His words fill Cecil with terror.

“Leave… Night Vale?” he whispers, eyes wide.  “No, no.  I have to stay.  The town needs me.  I belong here.”  He tugs uselessly on the door handle.

“You belong with me,” Carlos says, feeling another onslaught of tears about to overwhelm him, “And you deserve a future, and some kind of happiness.”  The car speeds out of Night Vale and down the long desert highway, and Carlos leans over to kiss Cecil, who, after his surprise wears off, kisses him back earnestly.

“But why do we have to leave?” Cecil asks, his voice small and quiet.  Carlos bites his tongue.

“Because it’s not real,” he hears himself say, and silently, he curses himself for it—for betraying Cecil’s trust in this way, now, when he is at his most vulnerable, and knowing that he could not have done anything else.  “Night Vale isn’t real.”

“It’s not?” Cecil asks, and the question is very real.

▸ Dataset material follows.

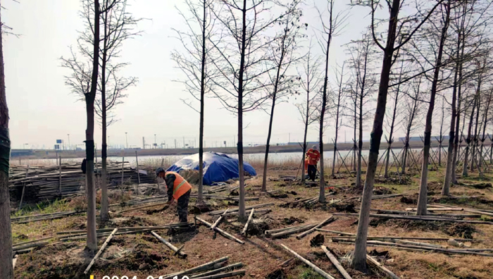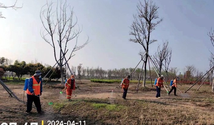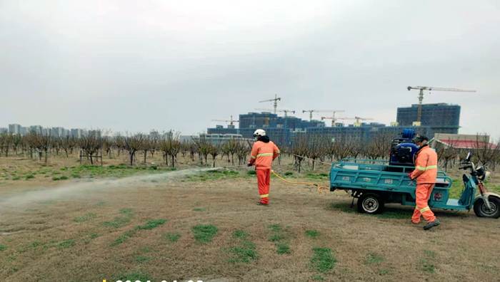 積極澆灌返青水。當(dāng)前,地溫回升快,苗木易萌芽,該班組采用“人工+機(jī)械”相結(jié)合的方式,全面啟動(dòng)返青水集中澆灌工作,重點(diǎn)對(duì)園區(qū)喬木、果木、草坪等進(jìn)行全面灌溉,促進(jìn)苗木、草坪返青發(fā)芽。按照分種類、合理澆灌的原則,采取集中澆灌的方式最大限度減緩晝夜溫差對(duì)綠化植物的影響,入春后共澆水100余次,對(duì)落羽杉圓動(dòng)力灌根2000棵,對(duì)大樹(shù)澆水1500棵,綠化澆水約30000平方米。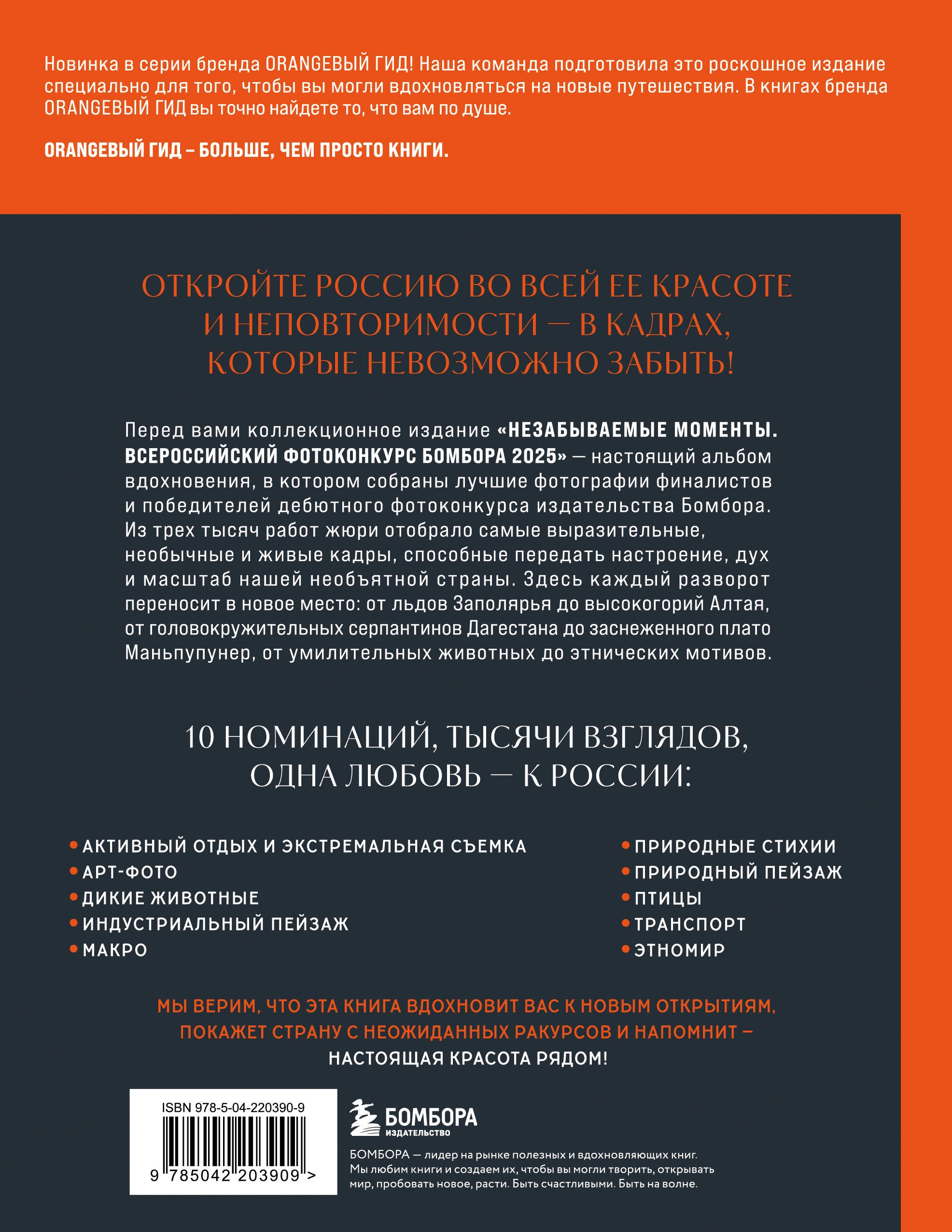 Откройте Россию — многогранную и бескрайнюю — в кадрах, которые невозможно забыть!Перед вами — коллекционное подарочное издание «Незабываемые моменты. Всероссийский фотоконкурс Бомбора 2025» — настоящий альбом вдохновения и признания в любви к стране, где каждый снимок становится откровением.Из более чем трех тысяч заявок жюри выбрало лучшие из лучших — самые выразительные, эмоциональные и неожиданные фотографии, в которых оживает настроение, дух и масштаб России.Каждый разворот — это путешествие:- от ледяных просторов Заполярья до залитых солнцем долин Алтая;- от серпантинов Дагестана до загадочного плато Маньпупунёр;- от умилительных животных и живых портретов до этнических мотивов и пейзажей, наполненных светом и смыслом.10 номинаций. Тысячи взглядов. Одна любовь — к России.Эта книга — визуальная симфония и напоминание о том, как прекрасен мир вокруг.Пусть она вдохновит вас на новые путешествия и поможет вновь увидеть главное — настоящая красота ближе, чем кажется!

“No.  It was all a dream, a long dream.  But you and I, we’re real, Cecil.  And somewhere at the end of this road is a city or a house in the country, and that’s real, and that’s where we’re going.  And once we’re there, you won’t have to be afraid anymore.”

“Okay,” Cecil complies, leaning his head against Carlos’s shoulder, trusting himself utterly to a man he perceives as a stranger.  “What did you say your name was?” he asks, looking up at Carlos with wide blue eyes.

“Carlos,” he whispers.  “My name is Carlos.”

Cecil sighs, and closes his eyes, nuzzling against Carlos’s shoulder.

“Carlos.  Carlos.  Carlos.”  He whispers Carlos’s name like a mantra, or a life-line keeping him tethered to reality, whatever he perceived that to be.  “Beautiful Carlos.  Perfect Carlos.  Lovely Carlos.  My Carlos.”

 _Yes_ , Carlos thinks.  _Yes, I am yours.  And I will not leave you, even if I have to remind you every day, every hour, that I love you.  I will remember everything that you cannot, and we will be okay._

“We’ll be okay,” Carlos repeats to himself, out loud, as the tires of his truck kick dust up into the indigo sky and the desert stretches out in front of them.  Night Vale has disappeared into the darkness, and Carlos prays with all his heart to a god he never believed in that neither of them will ever see it again.


	2. Epilogue

**Notes for the Chapter:**

> By popular demand, an optional epilogue!

Carlos never tired of sitting out on the sand and watching the ocean with Cecil, who had lived in the desert all his life and never seen so much water except once, when he was much younger.  He would stare out at the rolling tides, eyes as blue as the sea and the sky, and Carlos would be filled with a sense of tranquility.

Nearly two hundred miles north of Santiago, nestled between the Pacific Ocean and the Andes mountains, it seemed they had finally found a place to belong.  It was comforting to Carlos to speak the language of his childhood again, even if it had taken some time to adjust to the regional Chilean dialect.  Cecil was taking his attempts to learn Spanish in stride, and in spite of all of Carlos’s fears that he would not be able to recover from what station management had done to him, the lessons seemed to be helping with his recovery of both short and long-term memory.  After nearly two years away from Night Vale, he was still forgetful and had lost great swaths of time that Carlos did not think he would ever regain, but he could once again function on his own and remember who Carlos was.  Much to Cecil’s confusion and concern, he had broken down in tears one afternoon when Cecil had asked him if he remembered their first date at Gino’s, the portabella mushrooms and running tests on trees in the park.  It was more than he had ever hoped for when they fled that cursed town that he could have the Cecil he thought lost returned to him.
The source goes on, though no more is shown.